Opera by Bohuslav Martinů

Alexandre bis (Alexander Twice; in Czech: Dvakrát Alexandr) is a surrealist comic opera in one act by Bohuslav Martinů, (H. 255), composed in 1937 to an original libretto written in French by André Wurmser.

== History ==
The opera was intended by Martinů, who was then living in Paris, for performance at the Paris World Exhibition of 1937. However, various delays (including the intervening World War II) prevented its performance during the composer's lifetime.

The opera's first performance was given at the Nationaltheater Mannheim on 18 February 1964, when it was conducted by Georg Calder. Shortly afterwards it was given its first performance in Martinů's native Czechoslovakia by the Janáček Theatre in Brno. It was first performed in America in October 2014 by Gotham Chamber Opera at the John Jay College of Criminal Justice in Manhattan.

The opera is subtitled "The Tragedy of a Man who Had His Beard Cut", and the surrealist libretto is set in Paris about 1900. Although Martinů had asked Wurmser for a libretto including a singing cat, he compromised on Wurmser's suggestion of a singing portrait, which acts as narrator to a tale of bourgeois infidelity.

==Roles==
- Armanda, soprano
- Alexandre, baritone
- Oskar, tenor
- Philomène, mezzo-soprano
- Portrait, bass

==Synopsis==
The opera takes place in a bourgeois salon in Paris around 1900. The maid Philomène is cleaning and complaining about her life. The husband Alexandre, bearded, asks Philomène to bring in a suitcase and secretly leaves, allegedly for the station, crossing his cousin of the same name from America. Alexander's portrait on the wall is outraged by the game of betrayal. Oscar, a man Armande had met on holiday, comes to visit her. He is dressed in sportswear and offers her a lesson in cycling. Armanda rejects his courtship, pointing out that she is polite and respectable. Oscar leaves.

The beardless Alexander-cousin arrives and explains that Alexander-husband has gone away. Armande falls in love with him at first sight and submits to him, which displeases the painting of Alexander and the maid Philomène. Armande then has dreams full of remorse. In the first dream, both Alexanders kill each other. In the second, the goddess of marriage, played by Philomène, condemns Armande and she is abducted by demons - bearded dancers. In the third, the suitor Oscar appears and dances with Armande on roller skates.

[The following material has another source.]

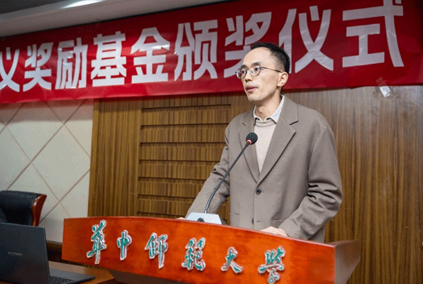 获奖教师代表刘彬分享了自己与邢先生跨越十余年的三段缘分。他谈到,从保研推荐到入职面试,再到博士后出站,邢先生的三次指引点亮了他的学术人生。他表示,作为桂子山年轻一代语言学人,深感重任在肩,定将继承先生遗志,守住初心,为把华师语言学科发扬光大贡献力量。
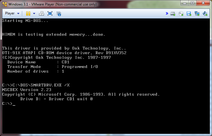 With the CD-ROM now recognized and the Windows 3.1 disk mounted, you can boot up into DOS and type D:

In the morning the maid Philomena cleans up in the salon and complains about her life. Alexandre-husband enters, without his beard, and says goodbye to Armande before leaving for the office. During the farewell, he discovers that his wife has also changed. After his departure Oscar enters. To his surprise, this time Armanda accepts his invitation for a cycling lesson. The portrait of the husband is left alone and expresses the moral – that it is best if a husband does not tempt his wife.

==Recordings==
- Supraphon, 1982 (1984 LP, 1994 CD 11 2140-2 611) with René Tuček, Richard Novák, Vladimír Krejčík, Daniela Šounová-Brouková, Anna Barová, Janáček Opera Orchestra of Brno, conductor: František Jílek (recording in Czech).